## WHAT IS BEING ASKED
Your answer should hold exactly the lines below from the line with "1937 Resicabánya, Resicza, Recita, Resita;" through the line with "これを、ホイールベアリング ハウジングに入れ込むのだが、これが厄介な作業。親指の関節に、モロ ダメージを受ける。", both included, and no pictures at all.

DATA FOR THE TASK Start Marker

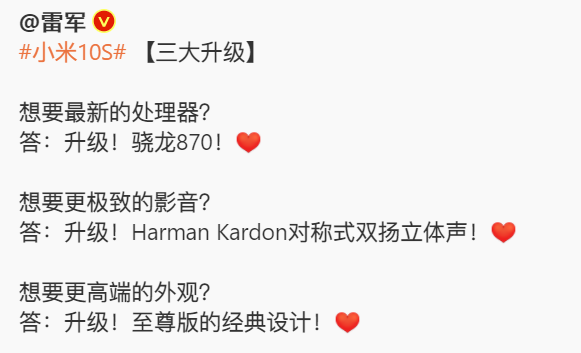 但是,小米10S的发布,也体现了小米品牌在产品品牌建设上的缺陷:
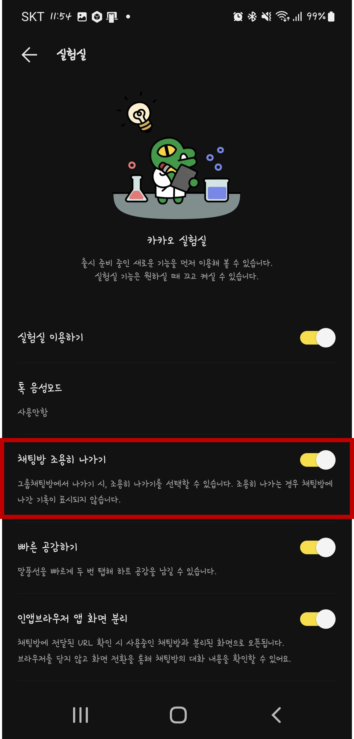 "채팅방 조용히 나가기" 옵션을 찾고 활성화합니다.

DATA FOR THE TASK End Marker
DATA FOR THE TASK Start Marker

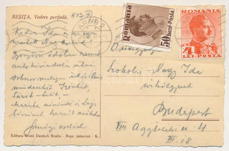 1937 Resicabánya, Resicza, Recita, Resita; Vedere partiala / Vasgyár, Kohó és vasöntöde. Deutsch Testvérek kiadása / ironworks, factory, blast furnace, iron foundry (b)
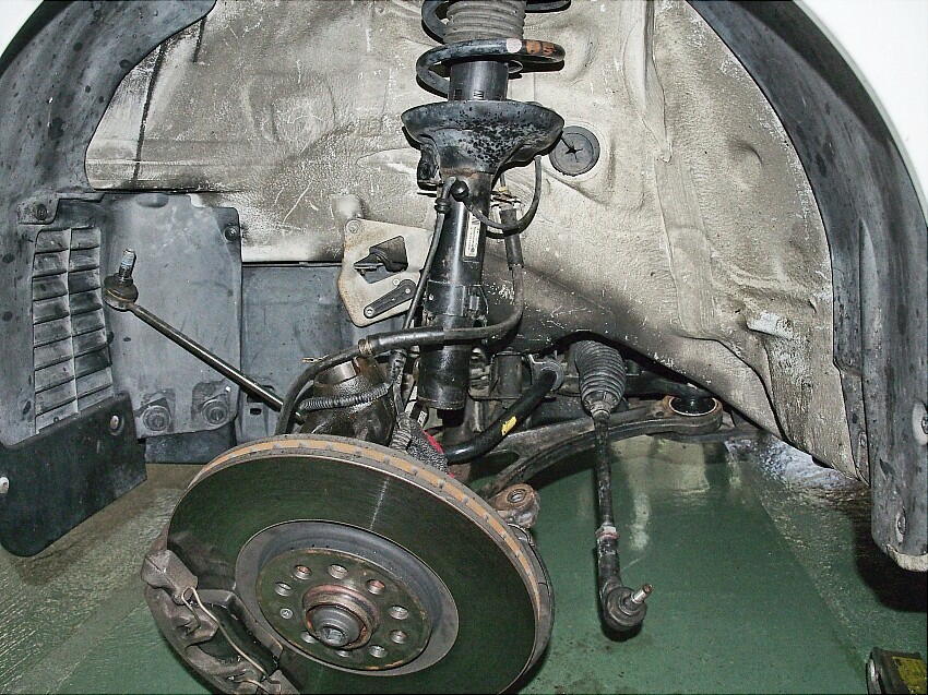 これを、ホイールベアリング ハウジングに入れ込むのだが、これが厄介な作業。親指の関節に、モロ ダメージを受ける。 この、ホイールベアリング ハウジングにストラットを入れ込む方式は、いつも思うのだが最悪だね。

DATA FOR THE TASK End Marker

## PROBLEM SOLUTION
 1937 Resicabánya, Resicza, Recita, Resita; Vedere partiala / Vasgyár, Kohó és vasöntöde. Deutsch Testvérek kiadása / ironworks, factory, blast furnace, iron foundry (b)
 これを、ホイールベアリング ハウジングに入れ込むのだが、これが厄介な作業。親指の関節に、モロ ダメージを受ける。 この、ホイールベアリング ハウジングにストラットを入れ込む方式は、いつも思うのだが最悪だね。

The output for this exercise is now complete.